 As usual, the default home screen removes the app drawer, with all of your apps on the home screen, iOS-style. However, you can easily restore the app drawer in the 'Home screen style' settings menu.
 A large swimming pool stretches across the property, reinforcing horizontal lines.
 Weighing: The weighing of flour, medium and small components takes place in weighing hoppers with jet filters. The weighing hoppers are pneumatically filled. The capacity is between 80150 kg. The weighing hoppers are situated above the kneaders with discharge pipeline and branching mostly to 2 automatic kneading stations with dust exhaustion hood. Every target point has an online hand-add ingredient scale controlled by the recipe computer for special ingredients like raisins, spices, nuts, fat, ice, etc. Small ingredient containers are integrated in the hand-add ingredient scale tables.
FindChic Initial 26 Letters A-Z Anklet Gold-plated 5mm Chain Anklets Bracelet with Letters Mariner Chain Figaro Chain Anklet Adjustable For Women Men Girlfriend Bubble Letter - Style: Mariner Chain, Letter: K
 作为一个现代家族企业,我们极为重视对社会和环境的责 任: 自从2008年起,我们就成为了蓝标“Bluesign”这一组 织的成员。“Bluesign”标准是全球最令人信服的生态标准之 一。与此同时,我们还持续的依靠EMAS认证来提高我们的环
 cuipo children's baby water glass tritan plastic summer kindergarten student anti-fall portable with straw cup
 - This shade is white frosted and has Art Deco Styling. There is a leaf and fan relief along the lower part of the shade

----

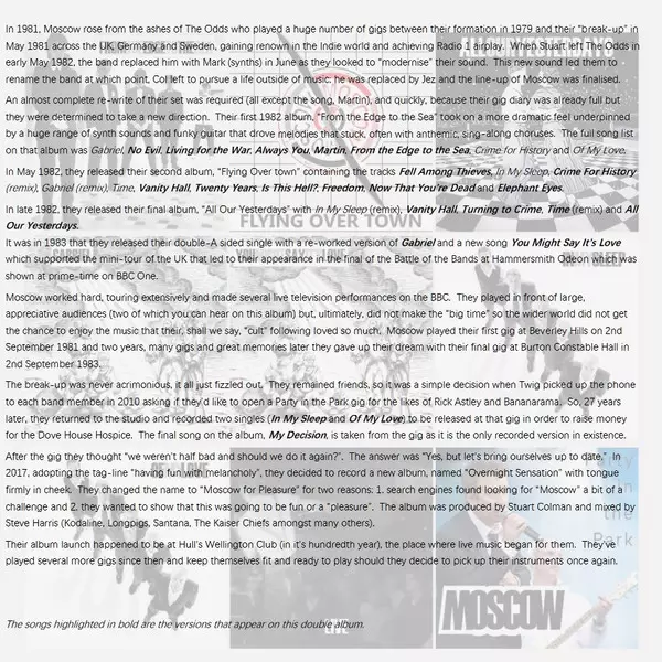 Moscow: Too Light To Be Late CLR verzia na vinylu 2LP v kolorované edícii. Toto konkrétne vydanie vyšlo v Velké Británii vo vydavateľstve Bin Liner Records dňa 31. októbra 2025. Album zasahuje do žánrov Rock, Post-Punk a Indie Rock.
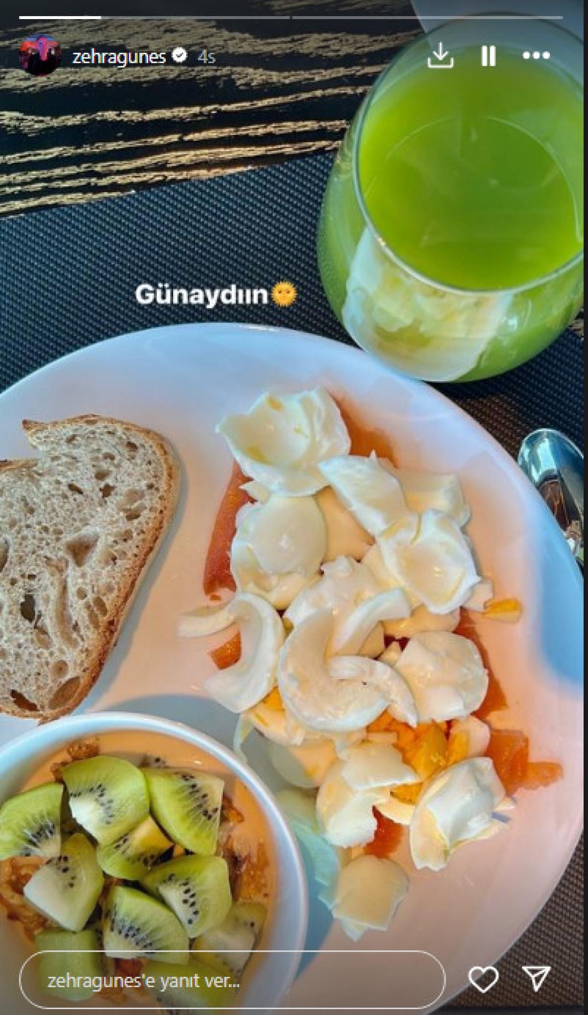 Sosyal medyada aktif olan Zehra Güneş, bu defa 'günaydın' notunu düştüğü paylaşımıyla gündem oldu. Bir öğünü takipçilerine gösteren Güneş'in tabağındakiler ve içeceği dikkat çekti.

----

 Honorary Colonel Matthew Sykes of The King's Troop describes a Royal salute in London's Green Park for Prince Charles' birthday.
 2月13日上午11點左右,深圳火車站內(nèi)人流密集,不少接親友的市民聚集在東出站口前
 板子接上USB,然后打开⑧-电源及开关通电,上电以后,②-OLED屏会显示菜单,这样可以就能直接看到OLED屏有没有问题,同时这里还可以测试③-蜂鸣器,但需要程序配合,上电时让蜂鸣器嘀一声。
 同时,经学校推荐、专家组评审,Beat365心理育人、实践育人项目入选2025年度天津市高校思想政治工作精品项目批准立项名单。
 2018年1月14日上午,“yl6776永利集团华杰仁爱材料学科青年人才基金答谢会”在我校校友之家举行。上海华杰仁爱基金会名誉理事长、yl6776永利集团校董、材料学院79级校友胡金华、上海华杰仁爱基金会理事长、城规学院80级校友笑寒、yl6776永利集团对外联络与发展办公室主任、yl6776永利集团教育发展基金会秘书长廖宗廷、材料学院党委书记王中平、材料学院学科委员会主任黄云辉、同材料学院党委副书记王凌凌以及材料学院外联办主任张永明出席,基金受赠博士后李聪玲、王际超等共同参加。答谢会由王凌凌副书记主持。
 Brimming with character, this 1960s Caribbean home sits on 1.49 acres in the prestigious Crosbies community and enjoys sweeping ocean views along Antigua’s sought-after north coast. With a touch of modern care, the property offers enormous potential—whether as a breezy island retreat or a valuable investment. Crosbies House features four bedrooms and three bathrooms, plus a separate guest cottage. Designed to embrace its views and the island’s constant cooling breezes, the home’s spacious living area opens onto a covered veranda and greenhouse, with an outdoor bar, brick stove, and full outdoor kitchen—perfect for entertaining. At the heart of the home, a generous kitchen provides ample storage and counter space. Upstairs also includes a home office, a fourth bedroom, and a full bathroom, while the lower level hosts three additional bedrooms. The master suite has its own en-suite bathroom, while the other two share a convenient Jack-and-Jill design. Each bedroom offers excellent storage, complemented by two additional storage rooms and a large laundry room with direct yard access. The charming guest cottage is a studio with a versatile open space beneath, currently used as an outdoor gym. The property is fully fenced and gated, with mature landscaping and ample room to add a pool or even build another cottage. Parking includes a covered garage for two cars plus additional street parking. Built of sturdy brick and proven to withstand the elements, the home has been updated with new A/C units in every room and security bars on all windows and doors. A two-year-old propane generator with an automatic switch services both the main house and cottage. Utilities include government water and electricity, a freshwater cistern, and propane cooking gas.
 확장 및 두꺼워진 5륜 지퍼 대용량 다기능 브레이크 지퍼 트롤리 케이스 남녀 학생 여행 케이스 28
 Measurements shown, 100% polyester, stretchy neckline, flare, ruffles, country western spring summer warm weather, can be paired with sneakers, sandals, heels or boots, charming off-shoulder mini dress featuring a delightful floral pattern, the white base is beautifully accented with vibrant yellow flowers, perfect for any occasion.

----

:: Exercise directions ::
Filter the listing for the word "summer" and copy every line that holds it.

:: Answer for the task ::
 cuipo children's baby water glass tritan plastic summer kindergarten student anti-fall portable with straw cup
 Measurements shown, 100% polyester, stretchy neckline, flare, ruffles, country western spring summer warm weather, can be paired with sneakers, sandals, heels or boots, charming off-shoulder mini dress featuring a delightful floral pattern, the white base is beautifully accented with vibrant yellow flowers, perfect for any occasion.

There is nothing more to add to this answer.